I’m training a customized latent diffusion model, which replaces text embeddings with a custom embedding, and I’m finding that, while the loss drops in a fairly normal way for the first few hundred steps, it then levels off and only improves very slowly. The loss itself is also quite high compared to the standard stable diffusion training—i.e., levelling off at around 0.58 vs 0.1 for stable diffusion (in previous runs on my data, that is). In part this is because I’ve added a term to the loss function, but that shouldn’t account for quite so much difference.
One thing I’m wondering is whether perhaps the standard cross_attention_dim
size of 768 is too small for my data? Does that make sense? Because I’ve never done this kind of “surgery” before (ha) I stuck with the original text-embedding size (77, 768), just to be as “compliant” as possible, and made my embedding fit that. But maybe it doesn’t offer enough parameters for the model to learn what I’m trying to learn?

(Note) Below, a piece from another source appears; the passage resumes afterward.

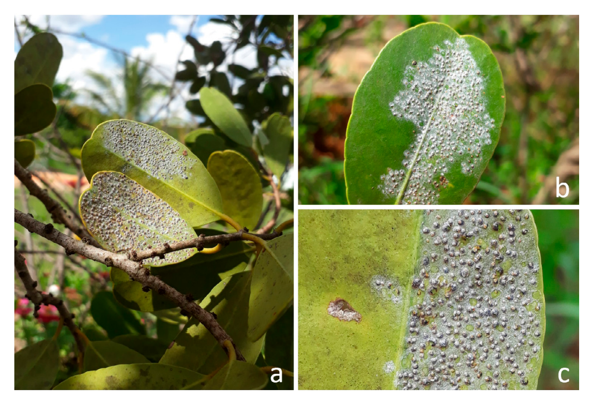
Figure 1. Pseudoparlatoria argentata associated with Salacia crassifolia in Brasilia, Brazil. a) S. crassifolia tree infested with diaspidids. b) Lower surface of leaf highly infested with diaspidids. c) Detail of the P. argentata scales.

I should clarify that I haven’t tested a checkpoint yet, to see whether it’s working as expected, so I don’t really know anything’s wrong. The loss just seems quite high to have stopped improving, compared to what I’m used to from standard stable diffusion training.
Any thoughts appreciated.
EDIT: I should clarify that the latent the unet is generating is the same shape as the standard model: (4, 64, 64).
1 Like
Actually, watching an unaltered train_text_to_image.py
script running on my data, from scratch, I’m noticing that it’s quite a similar pattern. Once it reaches around 0.1 it bounces around a lot, without actually improving. Is that typical, or is it perhaps an issue with my data? I’m working with a small “dev” dataset, intended to represent one type of output but to be small enough for quick iteration/experimentation. Is it possible that hitting plateaus like this is an indication of a dataset problem, rather than training—i.e., the model learns what it can from what I’m giving it, but stops improving because there isn’t enough to generalize?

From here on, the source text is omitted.